Keith Olson, President of the Affiliated Police Association of Westchester County said, "When I started in the Police Academy twenty-eight years ago I never dreamed we would have to train for bioterrorism and chemical warfare in our backyards. Obviously, times have changed. In light of the attacks we saw in London this past weekend, there is an urgency for this type of training. So we are thankful to Senator Murphy, County Executive Astorino and our friends at New York Medical College for making this center a reality."
This Center will help bring more federal grants to New York. NYMC's Center for Disaster Medicine (CDM) already has pilot funding from the Department of Defense (DOD) to translate emergency medical applications and lessons from the battlefield to civilian emergency medical and law enforcement agencies.
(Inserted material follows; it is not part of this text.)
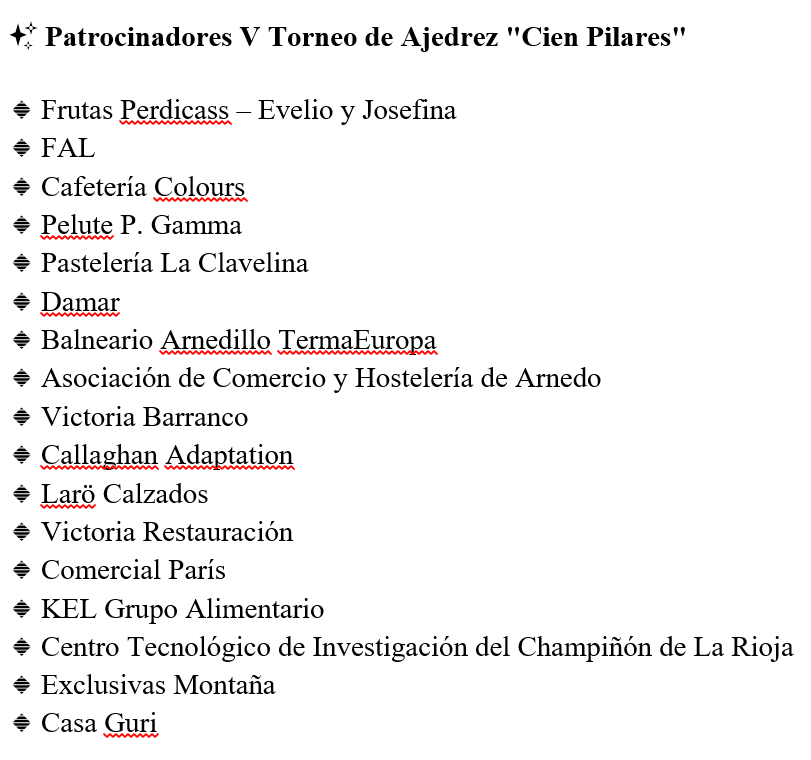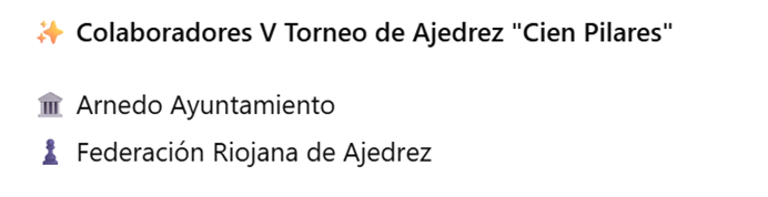 1º El IV Torneo de Ajedrez Cien Pilares se celebrará el sábado 30 de agosto en Arnedo, La Rioja. La organización correrá a cargo del Club Ajedrez Alfaro.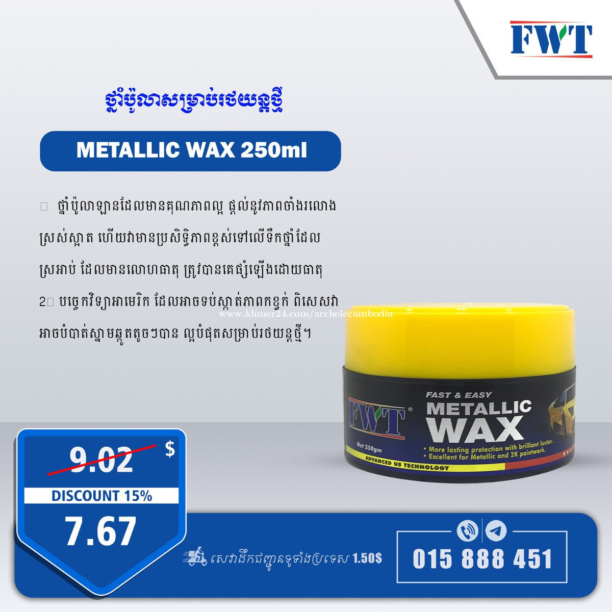 ផលិតផលថែទំារថយន្ត Archele គុណភាពខ្ពស់ ស្តង់ដាអន្តរជាតិ ប្រម៉ូសិនលក់បញ្ចុះតម្លៃ 15% គ្រប់មុខទំនិញ❤️ 👉ព័ត៌មានបន្ថែម: 015888xxxClick To Call (Telegram) 👉 https://t.me/+KCE6vQmDwpBmOTY1

Led by a post-911 veteran and former regional commanding officer in the National Response Framework's ESF-8, CDM has used this federal funding to equip first responders with the most current, evidence-based training and subject matter expertise to provide medical care in the most severe and dynamic environments. CDM has installed a unique "austere medicine" training facility that conducts sensory-immersion training to first responders - particularly SWAT teams and their medical components. Such training is unavailable anywhere in the United States outside of military facilities. This training specifically focuses on scenarios involving improvised explosive devices (IEDs) preparation and deployment. DOD is currently reviewing a next-phase application for $1.5 million to expand this program.
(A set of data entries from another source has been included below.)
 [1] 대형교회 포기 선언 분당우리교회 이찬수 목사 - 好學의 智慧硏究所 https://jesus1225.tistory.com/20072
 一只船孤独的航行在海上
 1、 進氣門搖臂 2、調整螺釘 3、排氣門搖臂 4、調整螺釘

New York State has established and currently supports 10 Centers of Excellence throughout the State. Three such centers exist in Rochester, two each in Buffalo and Long Island, and one in Syracuse, Albany and Binghamton. Prior to the opening of this Center in Valhalla, the Hudson Valley had no such designation.
New York Medical College has an established position in preparedness and response to bioterrorism and community-wide disasters. NYMC is world-renowned for its researchers - among them Drs. Diane E. Heck, Doris Bucher, David Markenson, Sherlita Amler, and Michael Reilly.
Founded in 1860, New York Medical College is one of the oldest and largest health sciences colleges in the country with more than 1,400 students, 1,300 residents and clinical fellows, nearly 3,000 faculty members, and 19,000 living alumni. The College, which joined the Touro College and University System in 2011, is located in Westchester County, New York, and offers degrees from the School of Medicine, the Graduate School of Basic Medical Sciences, the School of Health Sciences and Practice, a School of Dental Medicine and a School of Nursing. NYMC provides a wide variety of clinical training opportunities for students, residents, and practitioners.